Arpon · July 20, 2010, 7:18pm

Looking through the code, it doesn’t seem that I can pass in extra information to these functionals. So I guess the task is to figure out which processors are handling which sections of the lattice so that I can split up the reaction between the processors and make sure only the reactions in the relevant sections of the lattice are being calculated by each processor. I tried doing this with a MultiBlockDistribution, but it seems pretty slow. Since Palabos can handle this better, I need some way to retrieve which subdomain of the lattice is being handled by which processor. Is there some variable or method that provides this information?

jlatt · July 21, 2010, 9:14am

From your explanation, I guess that there is nothing yet in Palabos which solves your problem of the box. This means that you must do some manual implementation. But be careful not to go to a too low level, and be sure to let Palabos handle things like parallelism automatically.

Here’s the idea.

In Palabos, data-processors represent algorithms, and multi-blocks represent containers. This means that whenever you want to store data (a vector of ints in your case), the data must go into a multi-block. In many cases you’ll allocate various multi-blocks and couple them together through data-processors. A good example is the He/Lee multi-phase model which is implemented in the newest Palabos release. It allocates many multi-blocks for the populations, for the pressure, for the chemical potential, etc. and couples them together appropriately.

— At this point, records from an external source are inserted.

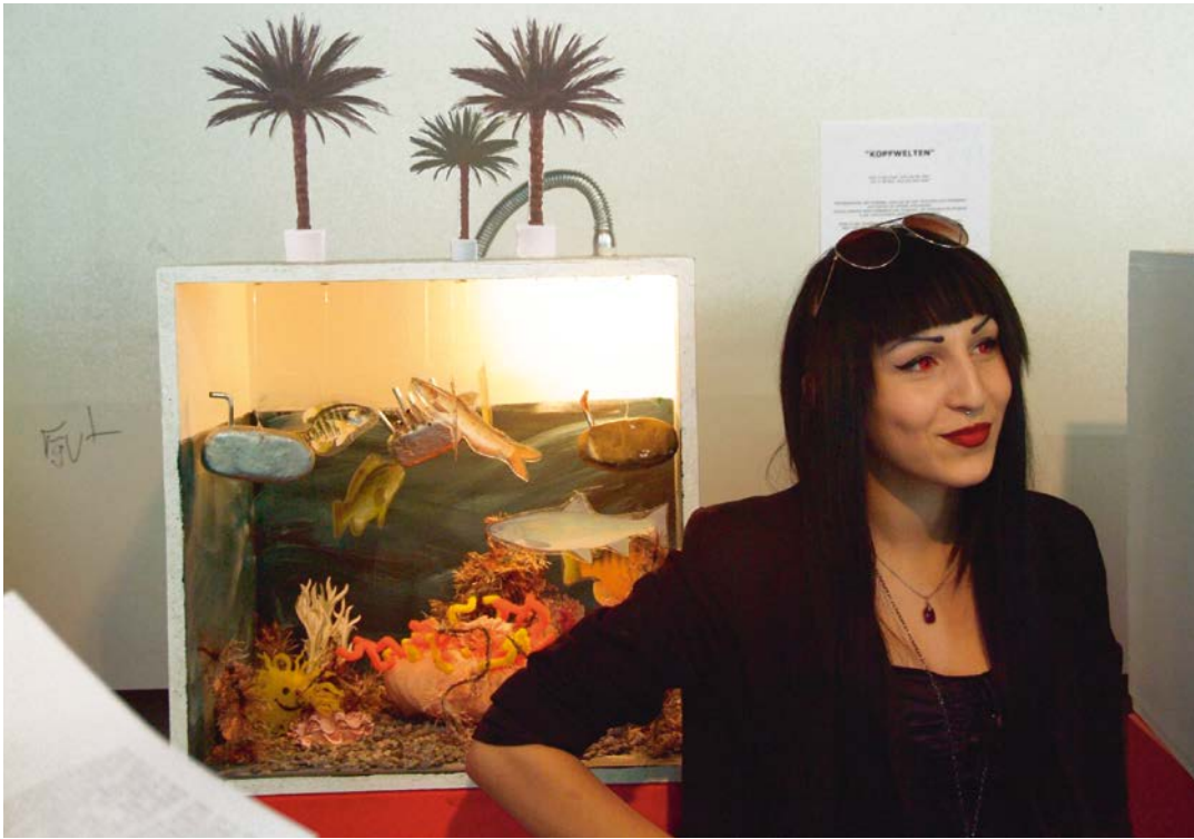
RAUS AUS DER BOX Präsentation ‚Kopfwelten‘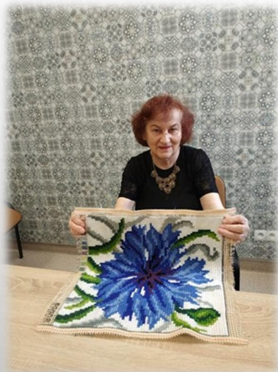
wyszywanie poduszek haftem krzyżkowym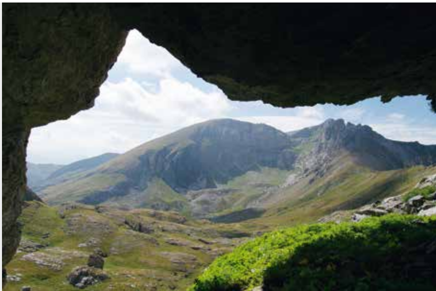
La conca di Piaggia Bella.

ad "aver pace co' seguaci suoi" in una lontana marina? Siamo alle sorgenti per quasi tutti, ma non per noi. Noi siamo speleologi, vale a dire "Quei Geografi che Esplorano i Fiumi a Monte delle Loro Sorgenti". Per i geografi un fiume inizia dalle sorgenti, ma per i Geografi del Sottosuolo li inizia solo la sua esibizione pubblica. Possiamo quindi proseguire, tuffandoci nella sorgente della Fus. Anzi no, tuffiamoci nel Garb d'la Fuz, che è più ampio. Risaliamo quindi la parete ombrosa sino al modesto ingresso del Garb, e immergiamoci nello specchio d'acqua da cui trabocca incessantemente l'acqua e alimenta la cascata.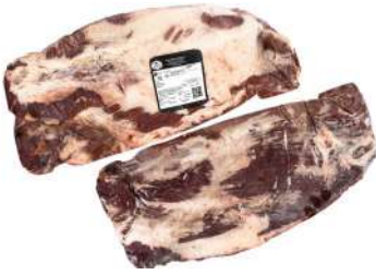
AR 2520# Beef Brisket 4kg 阿根廷2520#冷冻牛胸肉4公斤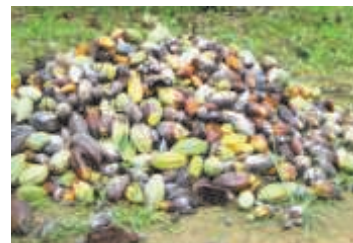
Figure 3. Résultat d'une récolte sanitaire

Mettre en sacs les cabosses et les résidus issus de la récolte sanitaire pour les sortir de la plantation.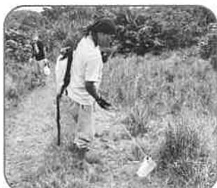
鳩間公民館 (助成額:80,000円) 島内雑草除去チーム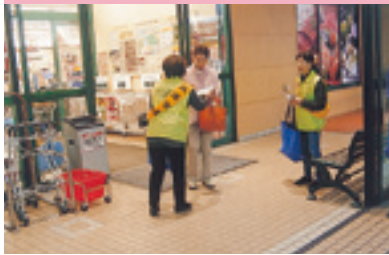
交通安全街頭指導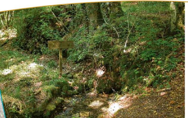
Sources de la Vingeanne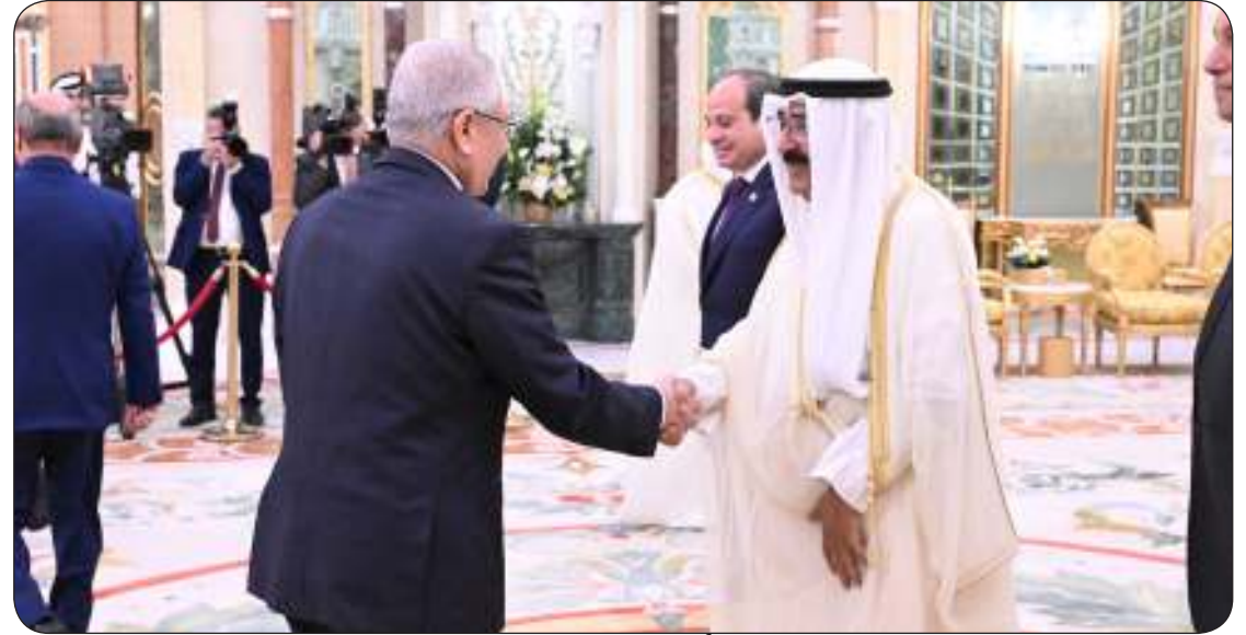
■ سمو الأمير يقيم مأدبة غداء على شرف الرئيس المصري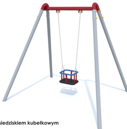
PM 1102 Huśtawka pojedyncza z siedziskiem kubelkowym

* Karta techniczna nie stanowi oferty handlowej w rozumieniu art. 66 par.1 Kodeksu Cywilnego, zawarte dane mają charakter tylko informacyjny.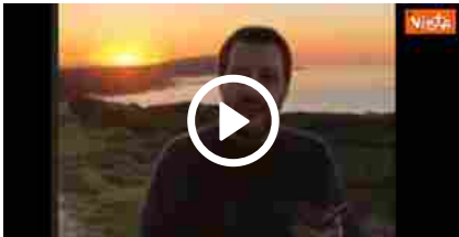
"Tramonto sardo, De André e sigarette". La dedica di Salvini ai suoi follower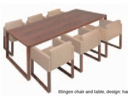
ittingen chair and table, design: harder spreymann, 2009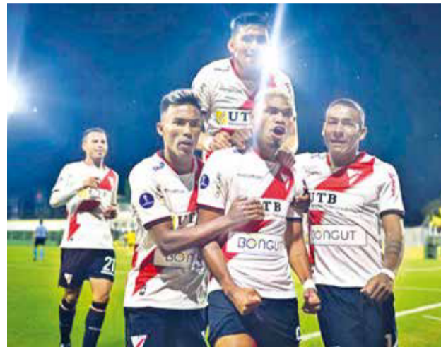
Celebración de los jugadores de Always Ready, anoche en Buenos Aires.

El Tricolor de Acero, actual subcampeón de la Copa Sudamericana, hizo vibrar a su afición gracias a los goles de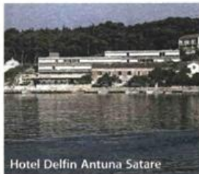
Hotel Delfin Antuna Satara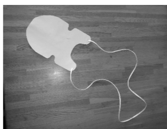
②手作りソックスエイド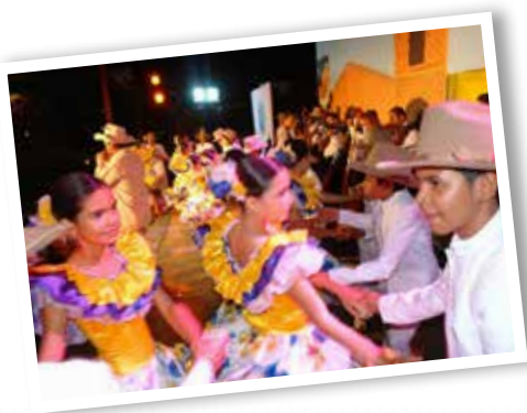
1. Fiestas del Elorza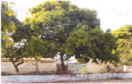
Plaza Roja dos (2) Mangos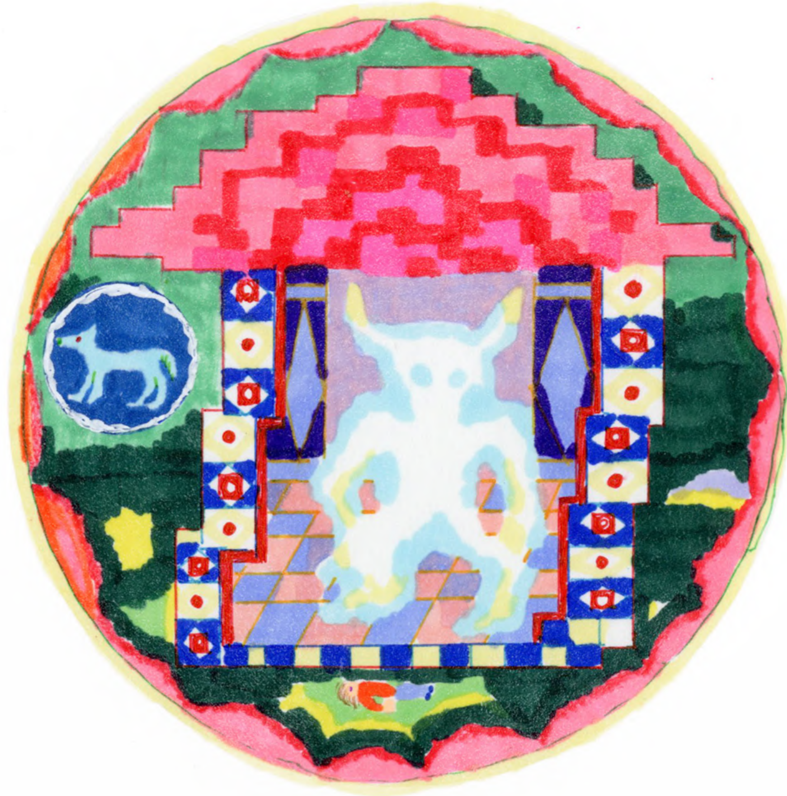
« Dream of Wolf » 2024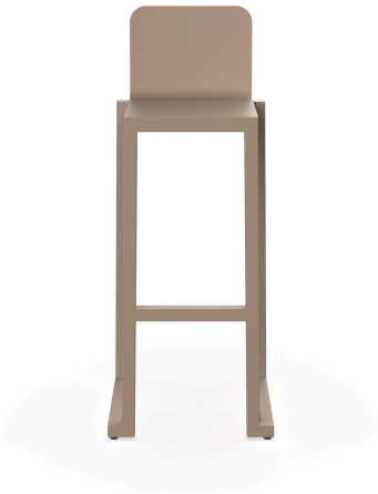
Taburete Barcino Arena 01397..2X.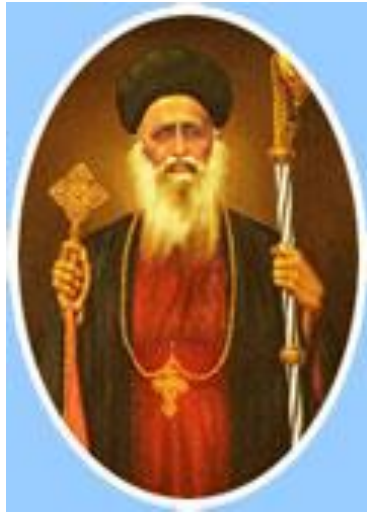
Inserted by MRS. LEENA BENNY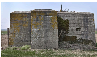
Vue vers l'ouest. Au premier plan le porche pare-suffle IVR31_20145904436NUCA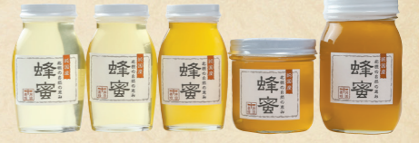
39 大阪府はちみつ品評会で 優良賞を獲得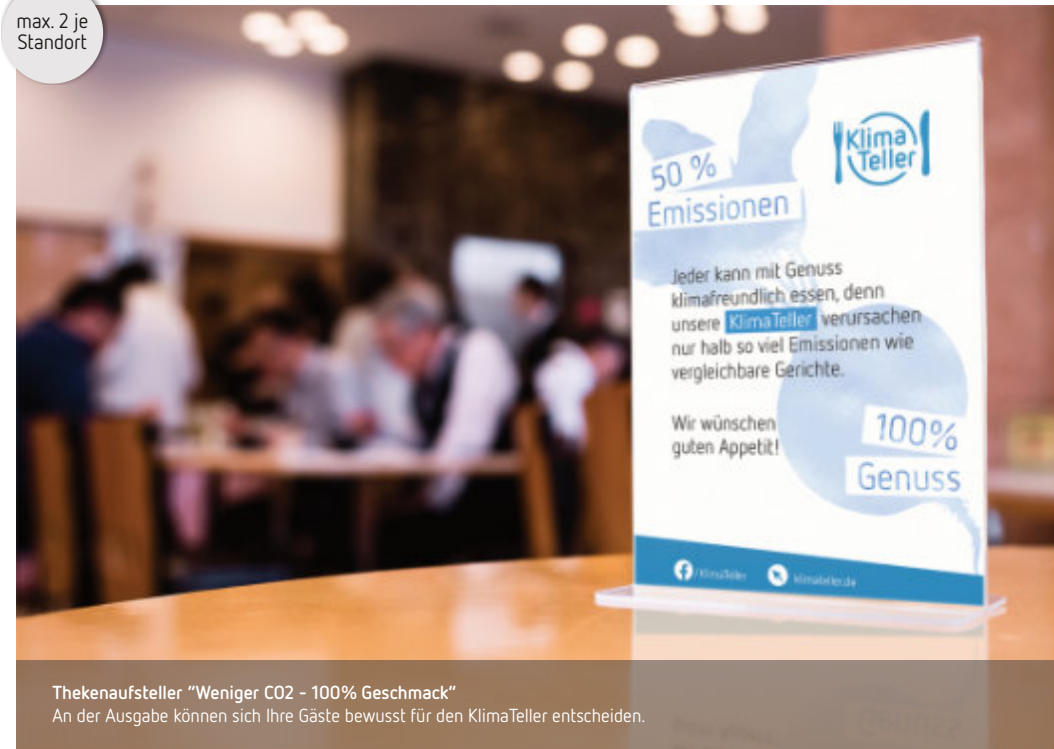
Tischaufsteller "Weniger CO2 - 100% Geschmack" Beim Genuss des KlimaTellers erfahren Ihre Gäste, worauf es Ihnen ankommt und erkennen ganz nebenbei, welchen Beitrag sie für den Klimaschutz leisten.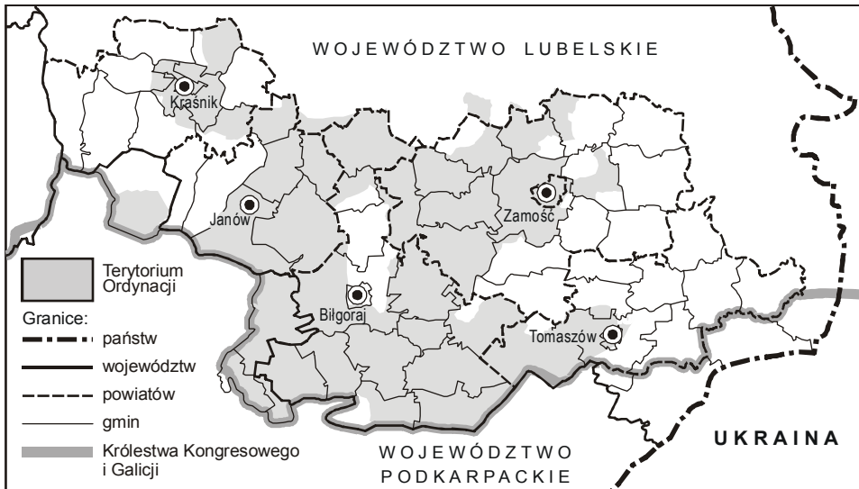
Ryc. 5. Ordynacja Zamojska jako podstawa formowania się granic państwowych (obecnie wojewódzkich), powiatów i gmin

nacji na 100 lat stała się granicą pomiędzy odrodzonym Królestwem Polskim a austriacką Galicją. Po zjednoczeniu ziem polskich trwała nadal, oddzielając jednostki terytorialne pierwszego rzędu, tj. województwa (ryc. 5).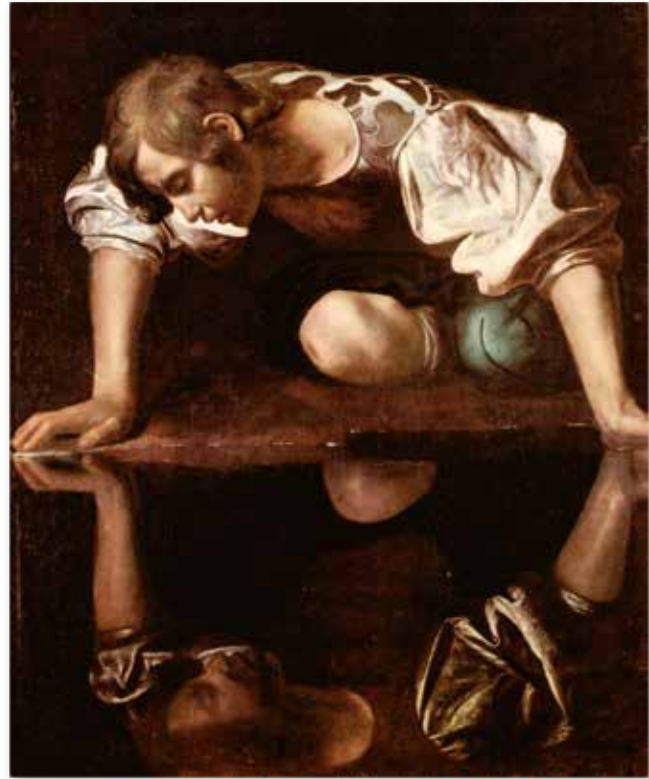
Michelangelo Caravaggio: Narziss

Freiheit und Stärke unserer Talente, Gaben und Kräfte zu erinnern und danach zu handeln.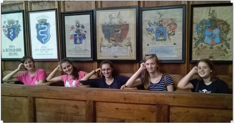
Múlt és jelen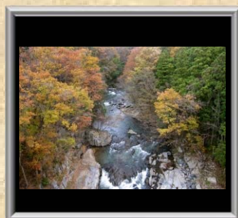
「秋の峡谷」小林 宏一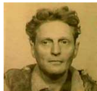
Fotografie a pastorului Richard Wurmbbrand în timpul detenției la Jilava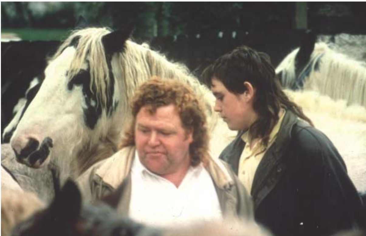
Pferdemarkt in Ballinasloe (Irland)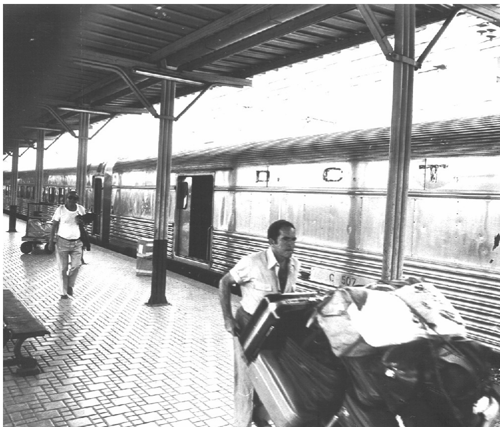
Estação D. Pedro II no Rio de Janeiro em 1985.

Na década de 80, os poucos trens que subsistiam foram progressivamente encerrados pela Rede e pela Fepasa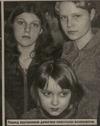
Перед вручением девочки невольно волнуется.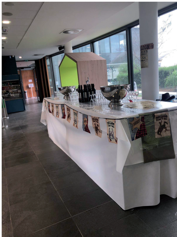
Prestation traiteur au siège du groupe Ayming France, juillet 2019

L'année 2019 a connu ses sorties traditionnelles, en période estivale et sur les fêtes de fin d'année. Pour clôturer le premier semestre et profiter des chaleurs de l'été, La péniche Mangareva à Saint Cloud, a accueilli l'ensemble du personnel de l'ESAT et ses usagers, pour une journée cocktail et après-midi dansante. Quant à la sortie de fin d'année, restaurant et après-midi au club discothèque « l'Escale » à Port Marly.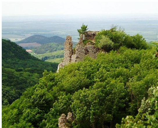
Hrad Ostrý kameň dnes

Roku 1498 - obec sa spomína pod názvom Kwthi.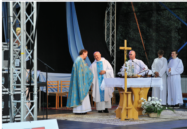
Púť k Nanebovzatej Panne Márii na Mariánskom vršku v Prievidzi, sobota 17. augusta 2024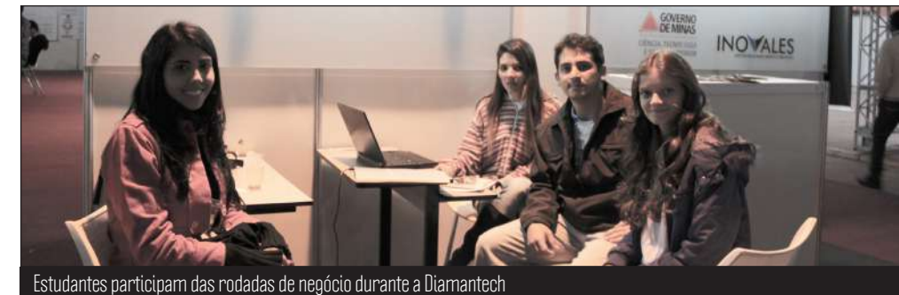
Estudantes participam das rodadas de negócio durante a Diamantech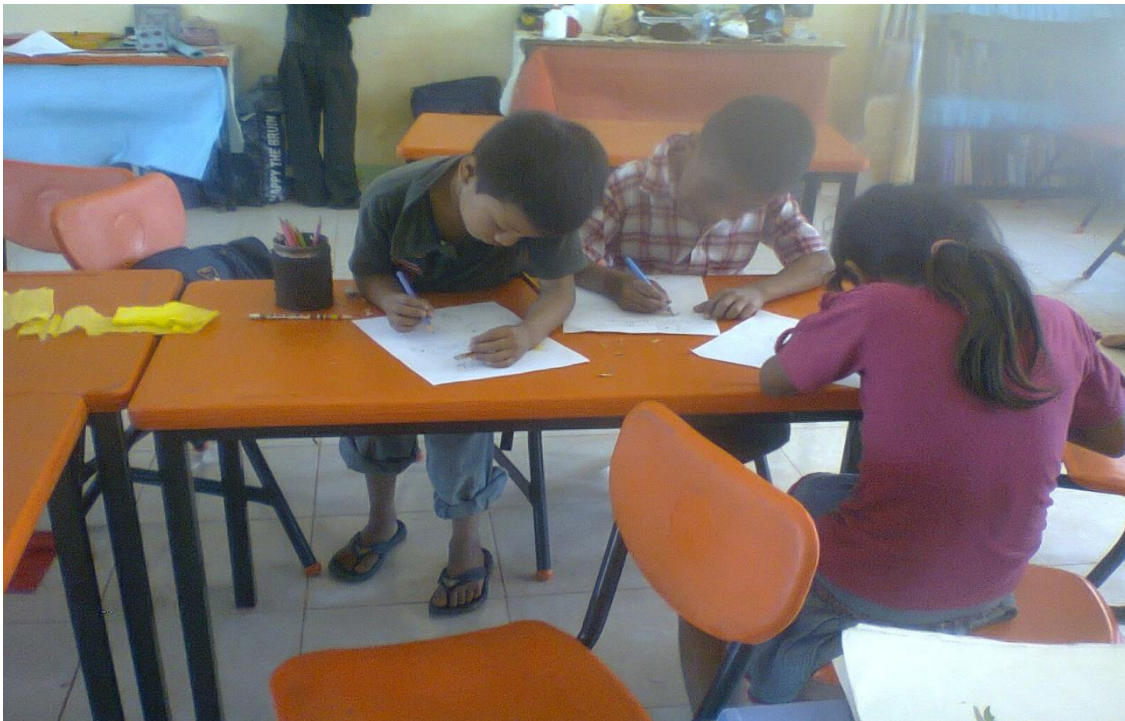
Anexo 17. Alumnos en la redacción de los textos en hojas blancas para la antología.

Consumir frutas y verduras es mucho más barato, además de todos beneficios que brindan al cuerpo, sin mencionar que nos ayudan a tener una mejor salud. Los estudios demuestran que el índice de vida de las personas que consumen de manera excesiva productos chatarra es menor al de una persona que se alimenta sanamente.

There are multi-blocks for various purposes, but not for your case, as it seems. You therefore should go for the generic multi-block, the MultiContainerBlockXD. You can essentially put whatever data you want into a MultiContainerBlockXD, and Palabos just takes care of the parallelization. This means that if you couple a MultiContainerBlockXD with, say, a MultiBlockLatticeXD, your data-processor will get, as argument, a ContainerBlock-BlockLattice couple which is located on the same processor, and you then do what you need to do with the two of them.

As an example, I suggest that you have a look at the class StoreDynamicsFunctionalXD in dataProcessingFunctional/metaStuffFunctionalXD .h and .hh (and the usage of this class is shown correspondingly in metaStuffWrapperXD .h and .hh). This data-processor parses a block-lattice, identifies the ID of the dynamics (BGK, Bounce-Back, etc.) and stores a unique copy of these IDs inside a container-block, in a vector of ints just like in your case.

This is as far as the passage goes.